Creation is a reflection of God’s goodness and glory, which he shares purely out of his infinite love. From the tiniest rock at the bottom of the deepest ocean to the highest angel worshiping at the throne of God, all of creation exists to proclaim the Creator’s glory.

Further, we read in the book of Daniel that the three youths, Azariah, Mishael and Hananiah, were thrown into the raging furnace by King Nebuchadnezzar. Instead of wailing in agony, they remained unburned and united in a hymn of praise calling on all of creation to “bless the Lord!” From the angels and the heavens, to the heat and the cold, to the birds of the air and beasts of the earth “bless the Lord!” Their canticle is a lesson to us that all of creation, in some way, praises the glory of our God. Because it reflects God’s goodness (and even proclaims His praise), all of creation is endowed with a certain dignity that must be respected.

From the very beginning, God has made us stewards of his creation

As humans, we hold a very special place in creation.

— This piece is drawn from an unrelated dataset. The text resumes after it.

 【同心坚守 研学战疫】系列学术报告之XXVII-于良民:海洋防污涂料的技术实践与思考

We’re greater than the irrational beasts of the earth but lesser than the angels. We’re made in the image and likeness of God, which makes us the highest created being among physical creatures. And because of that exalted status, starting with Adam, God placed humanity in the position of steward over the rest of the physical universe.

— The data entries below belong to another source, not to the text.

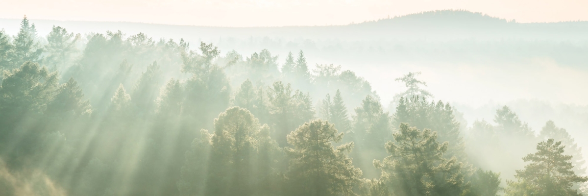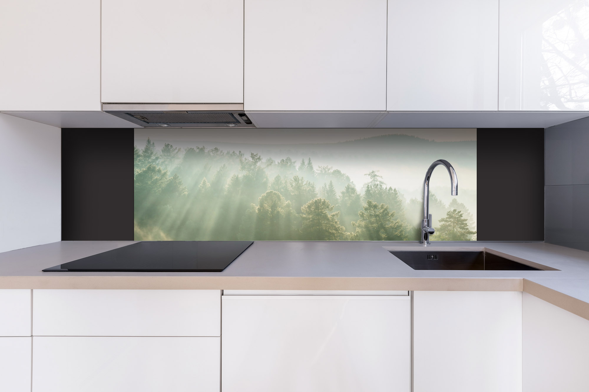 Placă decorativă dibond pentru bucătărie Raze de soare peste pădure - 180 x 60 cm
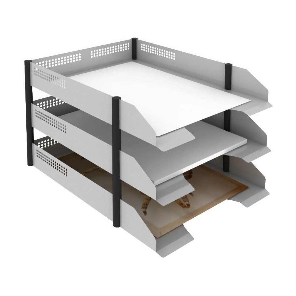 Trojbox na dokumenty ProOffice vám spolehlivě uspořádá pracovní plochu. Je vyroben z ocelového plechu tloušťky 0,8 mm a disponuje třemi přihrádkami, pomocí kterých si můžete dokumenty snadno roztřídit podle potřeby.
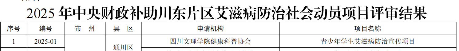 7月9日,学院健康科普协会青少年员工艾滋病防治宣传项目经评审,成功获批2025年中央财政补助川东片区艾滋病防治社会动员项目。

From the very beginning, God gave us dominion over nature for our benefit and has entrusted us with the care and disposal of all creation to help us save our souls.

Now, we can easily see how this duty is neglected. We can oppressively subjugate nature to profit man, but we can also oppressively subjugate man to “profit” nature – as it were, elevating nature above man and thus inverting God’s established order.

Attempting to avoid any extreme or frustration of God’s order, how can we best fulfill our duty to God in our role as stewards of creation?

Let us imitate the saints, and find love and fulfillment in the family of God’s Creation

This is not a trick question…

What do you and a rock have in common? 

.

.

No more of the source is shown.